I have calculated the electric field near one disk, I have:

$$E(z) = \frac{\sigma}{2 \epsilon_0}\left(1 - \frac{1}{\sqrt{1 + \frac{R^2}{z^2}}}\right)$$

Now I'm stuck to find the potential between these 2 disks.

Because one disk has a positive charge and another one has a negative charge, the total electric field is

$$E_{tot} = 2E(z)$$

We know that

$$\Delta V = -\int_{+\infty}^{d}E_{tot} \cdot \mathrm dr$$

However, I get an infinite potential.

I suppose that I'm doing the wrong calculation.

The teacher explained that because $d << R$, we can approximate them as infinite planes. So, should I calculate the potential between 2 infinite planes?

Note: $z$ is the axis perpendicular to the surface of the disk.

Answer 1

As commented by Michael Seifert, your expression of the electric field is indeed incorrect. It should read $$E_z=-{\sigma\over 2\varepsilon_0}\left[{z\over |z|}-{z\over\sqrt{R^2+z^2}}\right]$$ at a distance $z$ on the axis of a disk of radius R carrying a density $\sigma$. The potentiel is given by $$E_z=-{\partial V\over\partial z}\ \Leftrightarrow\ V(z)=-\int E_z(z)dz$$ To perform the integration, consider separately the cases $z>0$ and $z<0$. When $z>0$, $$V(z)=-{\sigma\over 2\varepsilon_0}\Big[z-\sqrt{R^2+z^2}\Big]+C$$ where $C$ is constant. Imposing the vanishing of $V$ at infinity leads to $C=0$. When $z<0$, $$V(z)={\sigma\over 2\varepsilon_0}\Big[z+\sqrt{R^2+z^2}\Big]+C'$$ The continuity of $V(z)$ at $z=0$ imposes $C=C'=0$.

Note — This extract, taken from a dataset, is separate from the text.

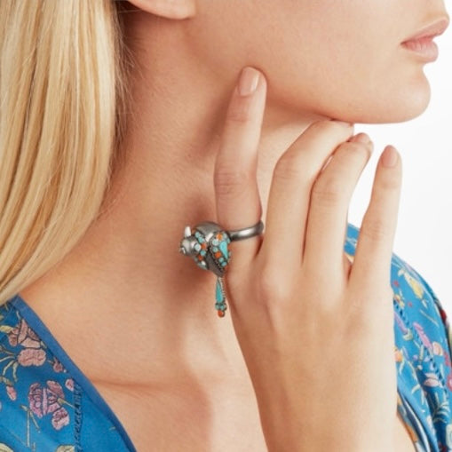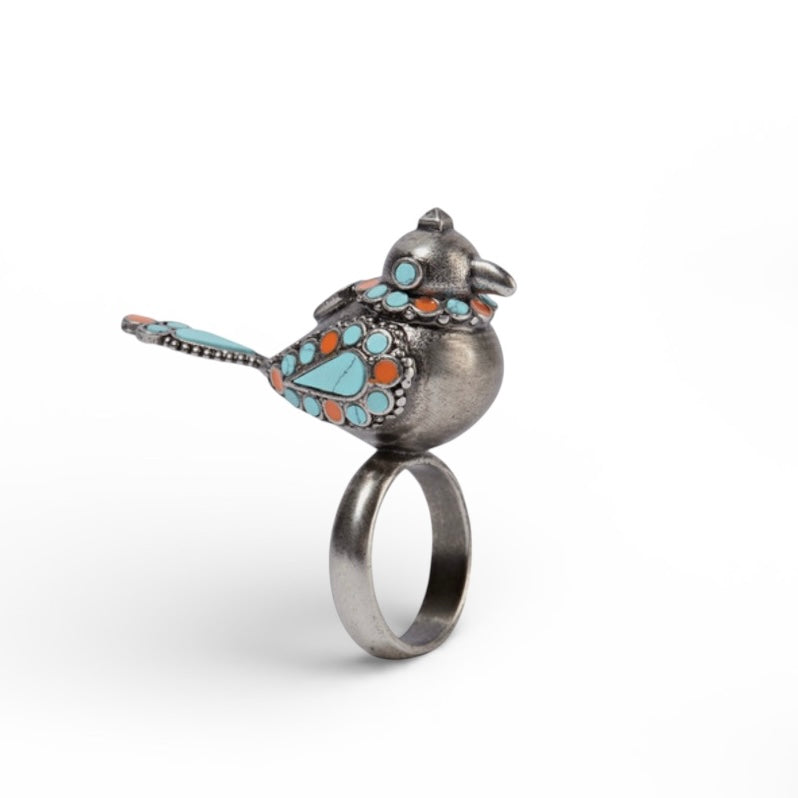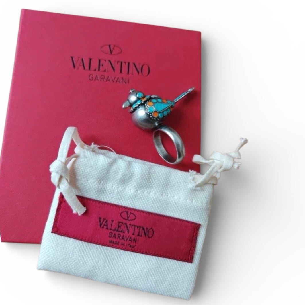 Valentino Garavani ring crafted in a polished silver-tone metal, the design features sculptural bird motif brought to life with vibrant blue and orange enamel detailing, as well as a signature “Rockstud”

Now, consider a point very close to the disk or equivalently a very large disk $R\gg 1$. As expected for an infinite plane, the expression of the electric field becomes constant $$E_z=-{\sigma\over 2\varepsilon_0}$$ when $z>0$ and $$E_z={\sigma\over 2\varepsilon_0}$$ when $z<0$. The potential is therefore linear $$V(z)=-E_zz+C={\sigma\over 2\varepsilon_0}|z|+C$$ However, it is not possible to impose the vanishing of $V(z)$ in both limits $z\rightarrow +\infty$ and $z\rightarrow -\infty$ only by fixing the constant $C$.